▶ ACTION ITEM: Copy all the records word for word, apart from any pictures.

▶ DATA TO PROCESS:
════════

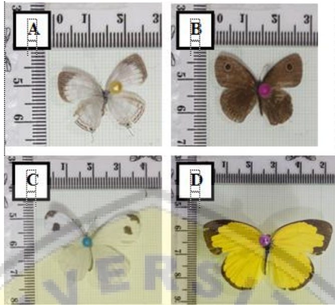
Gambar 1. Empat spesies kupu-kupu yang paling banyak ditemukan pada area penelitian, yaitu (A) Jamides pura , (B) Ypthima Philomela , (C) Leptosia nina , dan (D) Eurema hecabe
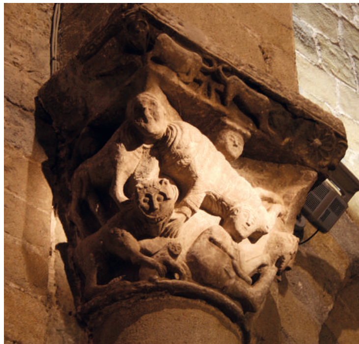
Sant Esteve d'en Bas. Capitel·l de l'interior de l'església. Primera meitat del segle XI?

(a la Garrotxa). Tota aquesta escultura està en procés d'estudi, de manera que és prematur aventurar una cronologia o una altra. Tot i així, podríem aventurar que es tractés d'una altra manifestació prematura, potser una mica anterior o paral·lela a les primeres rosselloneses i ripolleses, centrada a l'entorn de Girona, que no va tenir continuïtat.
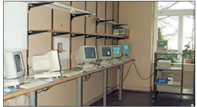
Die Mac-Theke der Kehler Anwendervereinigung.

Schüler der 5. Klasse hatten die Macintosh-Oldies in den Fächern Erdkunde und Technik auf ihre Schultauglichkeit erprobt. Die MacTheke besteht aus insgesamt acht Arbeitsplätzen und einem Druckserver, vernetzt mit Standard Ethernet. Drei Arbeitsplätze sind
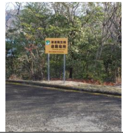
避難場所（水泳場より 200m）

事故発生の連絡が交流の家にあった場合，所長は複数の職員を現場に派遣し，救助，応急処置に加わらせるとともに，搬送用の車を手配する。緊急時には，江田島消防署，江田島警察署，第六管区海上保安本部に連絡を入れる。（①ですでに連絡済の場合，不要）

════════

▶ WRITTEN ANSWER:
Gambar 1. Empat spesies kupu-kupu yang paling banyak ditemukan pada area penelitian, yaitu (A) Jamides pura , (B) Ypthima Philomela , (C) Leptosia nina , dan (D) Eurema hecabe
Sant Esteve d'en Bas. Capitel·l de l'interior de l'església. Primera meitat del segle XI?

(a la Garrotxa). Tota aquesta escultura està en procés d'estudi, de manera que és prematur aventurar una cronologia o una altra. Tot i així, podríem aventurar que es tractés d'una altra manifestació prematura, potser una mica anterior o paral·lela a les primeres rosselloneses i ripolleses, centrada a l'entorn de Girona, que no va tenir continuïtat.
Die Mac-Theke der Kehler Anwendervereinigung.

Schüler der 5. Klasse hatten die Macintosh-Oldies in den Fächern Erdkunde und Technik auf ihre Schultauglichkeit erprobt. Die MacTheke besteht aus insgesamt acht Arbeitsplätzen und einem Druckserver, vernetzt mit Standard Ethernet. Drei Arbeitsplätze sind
避難場所（水泳場より 200m）

事故発生の連絡が交流の家にあった場合，所長は複数の職員を現場に派遣し，救助，応急処置に加わらせるとともに，搬送用の車を手配する。緊急時には，江田島消防署，江田島警察署，第六管区海上保安本部に連絡を入れる。（①ですでに連絡済の場合，不要）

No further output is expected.